As readers of my column know, since we have
talked about it so often, these are the two main hormones necessary
for muscle growth as well as fat loss.
So, if you are thinking about taking supplements,
be sure to target what you take based on your specific goals. If
off-season mass building is what you are gearing up for, then Primestrin+
and Ultracal Mass Action by Venice Beach are the supplements of
choice while on the MET program.
Furthermore, Primestrin+ is now super-charged
with Absorbal, which increases the absorption rate of all the ingredients
in the formula by 250%!
Athletes using Primestrin+ ultimately experience
a greater release of growth hormone in a sustained fashion while
also triggering higher testosterone production throughout the day,
resulting in faster growth and recovery of working muscles.
When taken as instructed, the Pro Stat HGH
component in Primestrin+ creates the perfect metabolic environment
for real and substantial GH elevations.

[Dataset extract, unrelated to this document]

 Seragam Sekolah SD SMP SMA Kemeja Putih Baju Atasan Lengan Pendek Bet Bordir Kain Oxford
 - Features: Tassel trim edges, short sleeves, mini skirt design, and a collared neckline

The big side benefit here
is that with GH and testosterone levels amplified, other supplements,
such as protein powders and cortisol suppressors like ADL3, work
far more effectively.
| By using
Primestrin+ at the right time, you are getting a powerful,
two-prong advantage - the muscle-building benefit of increased
testosterone production and the powerful synergistic effect
of ProStat HGH, which causes the pituitary glands to dump
greater levels of growth hormone into the blood stream daily
- without any of the side effects of exogenous growth hormone
use. |
Primestrin+ has the best ability to stimulate
testosterone production more effectively than any other supplement
can. With superior absorption, Primestrin+ goes further and effectively
increases greater levels of luteinizing hormones (LH) in the body.
Luteinizing hormone is responsible for transmitting instructions
directly to the testes to produce more testosterone in the body,
which in turn naturally increases serum testosterone levels.
Remember, testosterone levels are naturally
elevated with Maximum Efficiency Training, but after we leave the
gym they drop back down to normal. By keeping the levels elevated
well after the training session is over and at other key times in
the day, you pick up an additional advantage.
It’s been proven in medical studies that ACETYL
- L - CARNITINE prevents the post training testosterone levels from
dropping back down as quickly as they normally would. Thus, another
great benefit of Primestrin+, which also contains ACETYL - L- CARNITINE,
is that it keeps testosterone levels elevated much longer after
workouts. So, if you want to get the most out of each of your MET
workout, then using Primestrin+ is but one more way to do just that.
| Every
great leap forward in your life comes after you have made
a clear decision of some kind.
- Brian Tracy |
That’s all the tips we have room for this
month. Until next month, train with passion!